So, I configured TLS for my Flyte endpoint which works all fine in the browser and with flytectl. However,

flytekit.FlyteRemote

(the debug script from my first post) still fails. Now, with this error

{"asctime": "2023-05-23 09:38:41,298", "name": "flytekit", "levelname": "WARNING", "message": "FlyteSchema is deprecated, use Structured Dataset instead."}
WARNING:root:KeyRing not available, tokens will not be cached. Error: No recommended backend was available. Install a recommended 3rd party backend package; or, install the keyrings.alt package if you want to use the non-recommended backends. See <https://pypi.org/project/keyring> for details.
E0523 09:38:42.232413831    4238 <http://ssl_transport_security.cc:1495]|ssl_transport_security.cc:1495]> Handshake failed with fatal error SSL_ERROR_SSL: error:1000007d:SSL routines:OPENSSL_internal:CERTIFICATE_VERIFY_FAILED.
Traceback (most recent call last):
  File "/opt/micromamba/envs/OHLI/lib/python3.8/site-packages/grpc/_interceptor.py", line 241, in continuation
    response, call = self._thunk(new_method).with_call(
  File "/opt/micromamba/envs/OHLI/lib/python3.8/site-packages/grpc/_interceptor.py", line 266, in with_call
    return self._with_call(request,
  File "/opt/micromamba/envs/OHLI/lib/python3.8/site-packages/grpc/_interceptor.py", line 257, in _with_call
    return call.result(), call
  File "/opt/micromamba/envs/OHLI/lib/python3.8/site-packages/grpc/_channel.py", line 343, in result
    raise self
  File "/opt/micromamba/envs/OHLI/lib/python3.8/site-packages/grpc/_interceptor.py", line 241, in continuation
    response, call = self._thunk(new_method).with_call(
  File "/opt/micromamba/envs/OHLI/lib/python3.8/site-packages/grpc/_channel.py", line 957, in with_call
    return _end_unary_response_blocking(state, call, True, None)
  File "/opt/micromamba/envs/OHLI/lib/python3.8/site-packages/grpc/_channel.py", line 849, in _end_unary_response_blocking
    raise _InactiveRpcError(state)
grpc._channel._InactiveRpcError: <_InactiveRpcError of RPC that terminated with:
        status = StatusCode.UNAVAILABLE
        details = "failed to connect to all addresses; last error: UNKNOWN: Ssl handshake failed"
        debug_error_string = "UNKNOWN:Failed to pick subchannel {created_time:"2023-05-23T09:38:42.234530152+01:00", children:[UNKNOWN:failed to connect to all addresses; last error: UNKNOWN: Ssl handshake failed {created_time:"2023-05-23T09:38:42.234525804+01:00", grpc_status:14}]}"
>

I installed the CA inside the same container in which I execute the flyte script which throws this error.
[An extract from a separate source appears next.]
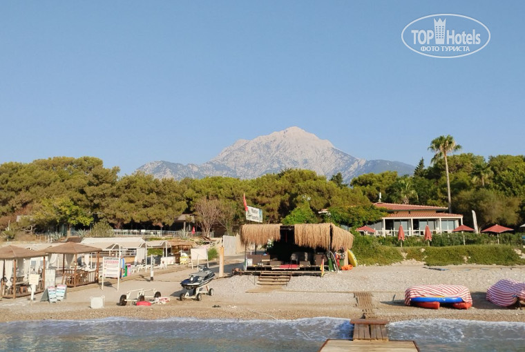 Отель находится на второй линии, поэтому до пляжа придётся чуть-чуть пройтись. Идти надо минут 7 по просторной, затенённой деревьями, улице. Чаще эти прогулки доставляли скорее удовольствие, нежели неудобства. Несколько часов в день (расписание можно посмотреть на выходе) ездит газель до пляжа и обратно с приветливым водителем (ехать там минуты 2). Сам пляж довольно просторный, чувствуется, что отель не перегружен. Всегда найдутся 2-3 свободных шезлонга в передних линиях, а на задних - вообще любое количество. Позади шезлонгов есть волейбольная площадка, где раз в день ещё играют в бочу. Стоит отметить, что пляжная анимация довольно слабая: раз в день кто-то придёт покричать, а потом люди уже развлекают себя сами. Как я уже сказал, пляжный бар оставляет желать лучшего, но он хотя бы есть. Пляжи в Кемере галечные, поэтому дискомфорт при заходе в воду имеется. Но глубина моря меняется довольно резко, поэтому нужно сделать всего пару шагов чтобы поплыть. Для решения этой проблемы можно надеть специальную плавательную обувь, но никто и без неё ни разу не поранил ноги: нужно просто, как и везде, соблюдать осторожность. Для пожилых людей имеются поручни прямо в воде. На глубине дно песчаное, ближе к берегу плавают косяки красивых рыб, которых можно прикормить хлебом из ресторана. Вода, в целом, чистая, особенно по утрам, когда волны ещё не нагнали с моря всяких водорослей и песка (даже у буйков на глубине 7-8 метров прекрасно видно дно). Больших, опасных для плавания волн не было ни разу. Рядом имеется целый клуб морских развлечений: от парашютов до дайвинга. Можно сказать, что пляж - это один из главных плюсов отеля.

And as mentioned, flytectl work without problems from within the same container. The flyte config looks now like this

admin:

endpoint: dns:///my.domain.lan:30657

insecure: false

authType: Pkce

Do you have any ideas? Would be greatly appreciated. 🙂

I fixed the problem by providing my root CA file as admin.caCertFilePath in the flyte config. However, there is also a bug in flytekit.clients.auth_helper (https://github.com/flyteorg/flytekit/blob/master/flytekit/clients/auth_helper.py#L179). Currently, it is

credentials = grpc.ssl_channel_credentials(load_cert(<http://cfg.ca|cfg.ca>_cert_file_path))

However, `load_cert`returns an OpenSSL.crypto.X509 object. But`grpc.ssl_channel_credentialsexpects`a bytes string. So, I had to modify the call as follows (to encode the X509 object as bytes):

credentials = grpc.ssl_channel_credentials(crypto.dump_certificate(crypto.FILETYPE_PEM, load_cert(<http://cfg.ca|cfg.ca>_cert_file_path)))

Can we fix this in main?

I created an issue https://github.com/flyteorg/flyte/issues/3715

I’ve: • enabled

common.ingress.tls

in values-gcp.yml • fetched the related cert with

kubectl get secret flyte-flyte-tls -n flyte -o jsonpath="{['data']['tls\.crt']}" | base64 --decode > tls.crt

• added the path of the cert in

admin.caCertFilePath

in my local flyte config file Still running

pyflyte run --remote

leads to a new error like the one you had

Handshake failed with fatal error SSL_ERROR_SSL: error:1000007d:SSL routines:OPENSSL_internal:CERTIFICATE_VERIFY_FAILED.